Leave the pictures out and write out exactly the lines from the top of the entries through the line containing "マスタードカラーのスカートを引き立てるダークトンでまとめて。".

RAW DATA Start Marker

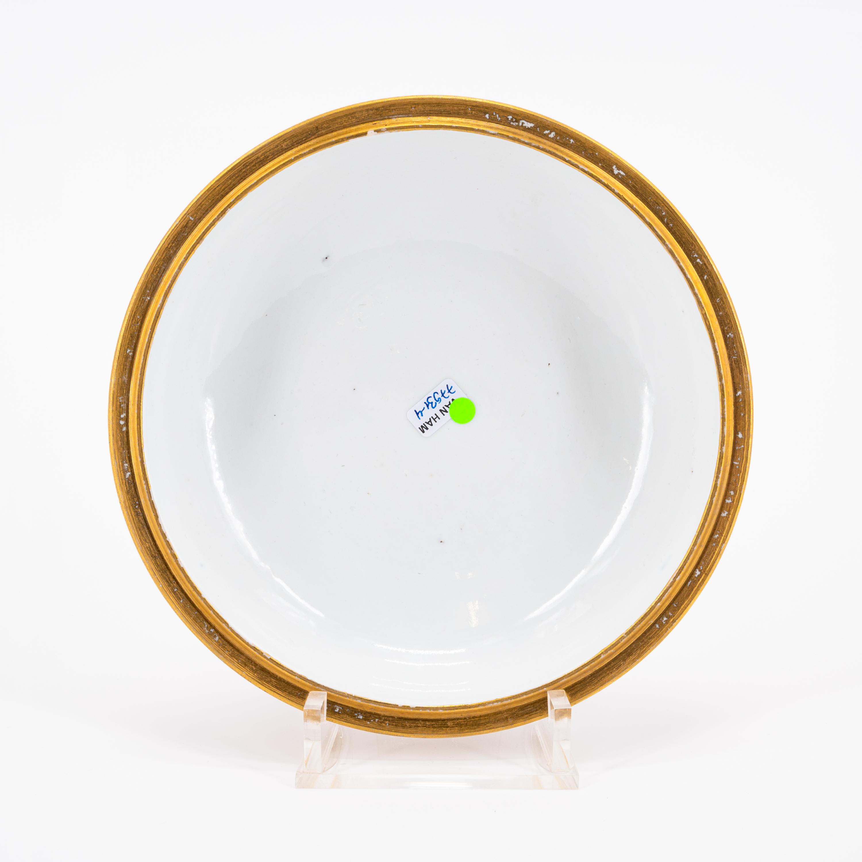 Technik: Porzellan, farbig staffiert und Gold dekoriert.
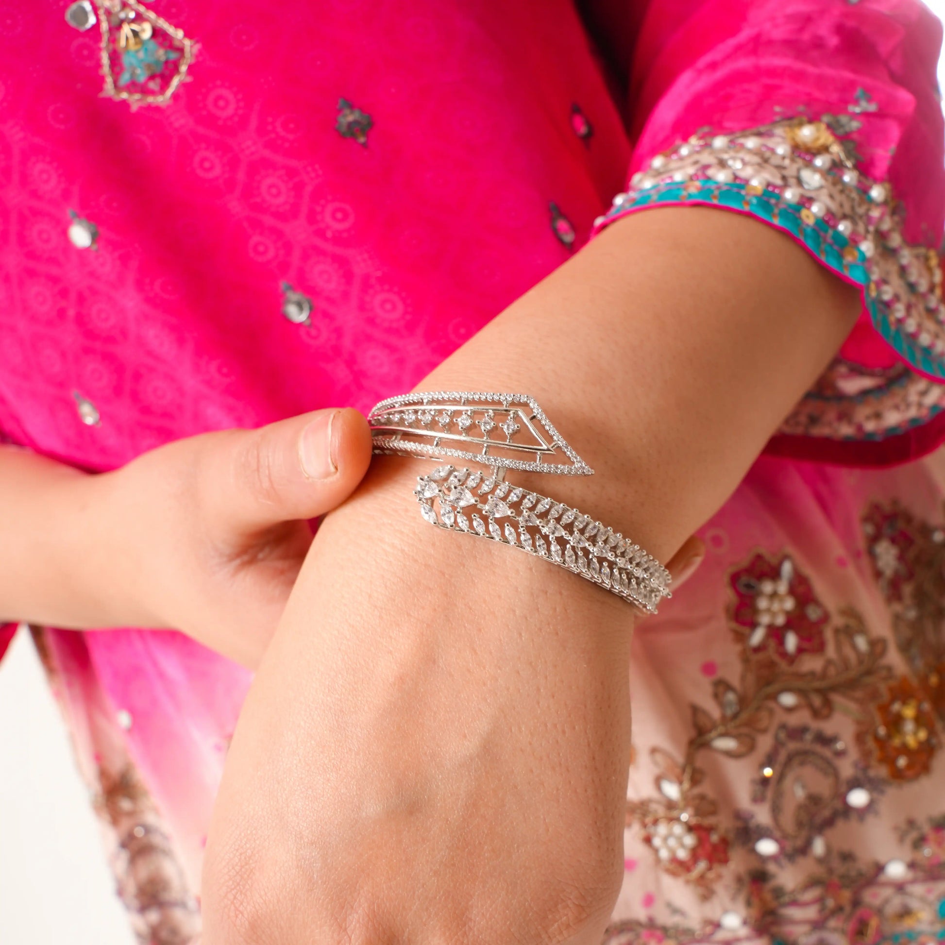 Its elegant leaf-inspired detailing adds a modern yet timeless charm, making it ideal for parties, receptions, festive events, and evening styling. Lightweight and comfortable, Elviora Spark Bracelet is crafted to elevate your look effortlessly.
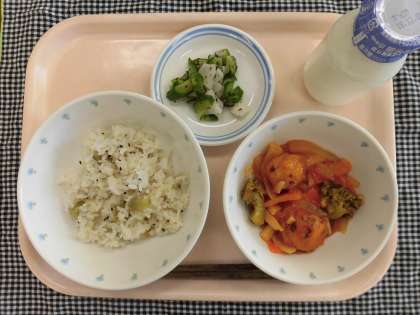 今日の給食:さつまいもご飯 いかと豆腐団子の煮物 野菜のゆかり和え
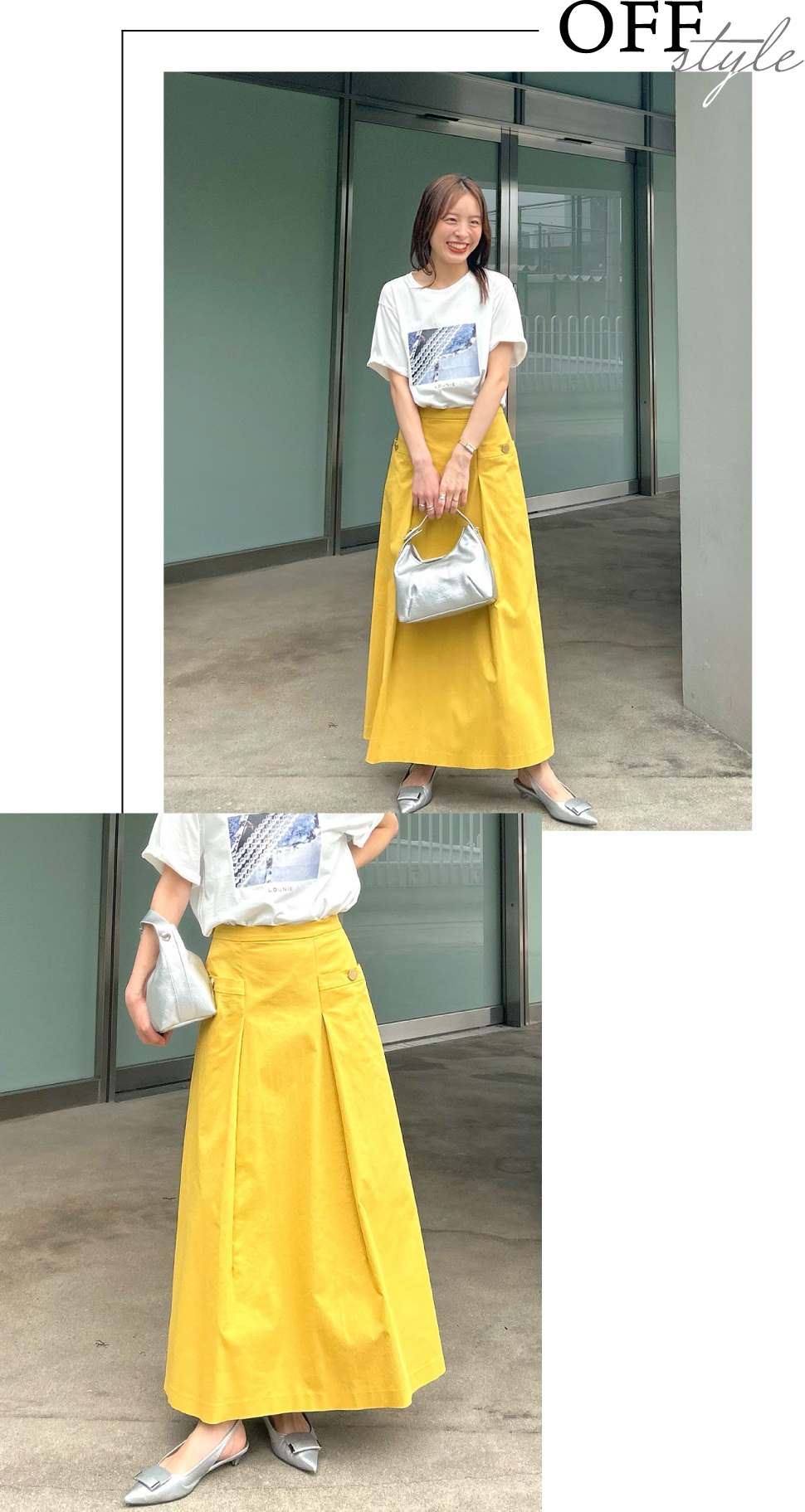マスタードカラーのスカートを引き立てるダークトンでまとめて。
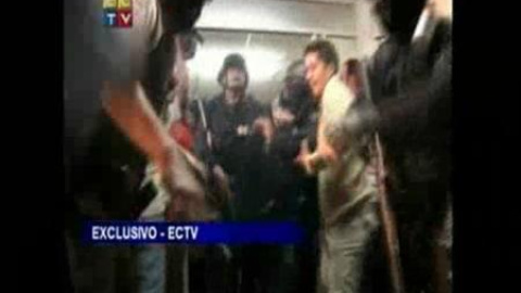 Unas impactantes imágenes muestran el momento justo en el que el presidente de Ecuador, Rafael Correa, fue liberado por un comando del ejército.Los agentes formaron un escudo humano alrededor de Correa y lo empujaron en una silla de ruedas, mientras periodistas y trabajadores del hospital corrían por los pasillos para evitar los disparos. A la puerta del hospital y en medio de una multitud estaba un vehículo, en el que el presidente fuertemente escoltado logró al fin escapar, de los policías que durante 10 horas le tuvieron retenido. Los incidentes comenzaron por la mañana temprano cuando Correa se acercó a una protesta de los agentes de policía y se vio obligado a refugiarse dentro de un hospital, ya que la policía hizo explotar en su cara un cartucho de gas lacrimógeno. Finalmente tropas del ejército lograron liberarle y detener a varios sospechosos.
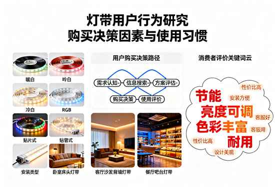 随着LED照明技术的成熟与普及,灯带已从传统的装饰性照明产品,演变为集功能性与艺术性于一体的家居照明解决方案。据行业数据显示,2025年我国灯带市场规模预计将达到XX亿元,年均增长率保持在15%以上。在这一快速扩张的市场中,深入理解用户购买决策因素与使用习惯,已成为企业制定精准营销策略、优化产品设计的关键所在。本研究通过分析消费者行为数据,揭示灯带市场的深层需求与未来趋势。
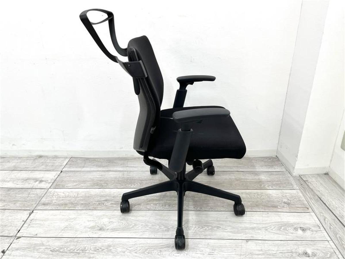 オカムラ エスクード ローバックモデル クッションタイプ デザインアーム付き ブラック×ブラックフレーム ランバーサポート搭載で安定感のある機能面と座り心地
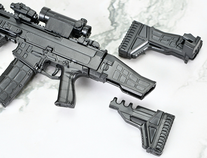 リトルアーモリー×Vtuber。ヨーロッパのタクティカル系Vtuber「Whiskey Project」とのコラボ製品が登場! 彼女が愛するチェコ製の次世代小銃“BREN2”を1/12スケールで精密再現しました。銃身バリエーションも豊富に用意し、好みのスタイルをお楽しみいただけます。また、銃本体に加え、話題の公式グッズ「Clay the Claymore」(M18クレイモアのぬいぐるみ)もミニチュア化。箱絵はアルマ01氏の描き下ろしイラストです!

RAW DATA End Marker

WRITTEN REPLY ▸
 Technik: Porzellan, farbig staffiert und Gold dekoriert.
 Its elegant leaf-inspired detailing adds a modern yet timeless charm, making it ideal for parties, receptions, festive events, and evening styling. Lightweight and comfortable, Elviora Spark Bracelet is crafted to elevate your look effortlessly.
 今日の給食:さつまいもご飯 いかと豆腐団子の煮物 野菜のゆかり和え
マスタードカラーのスカートを引き立てるダークトンでまとめて。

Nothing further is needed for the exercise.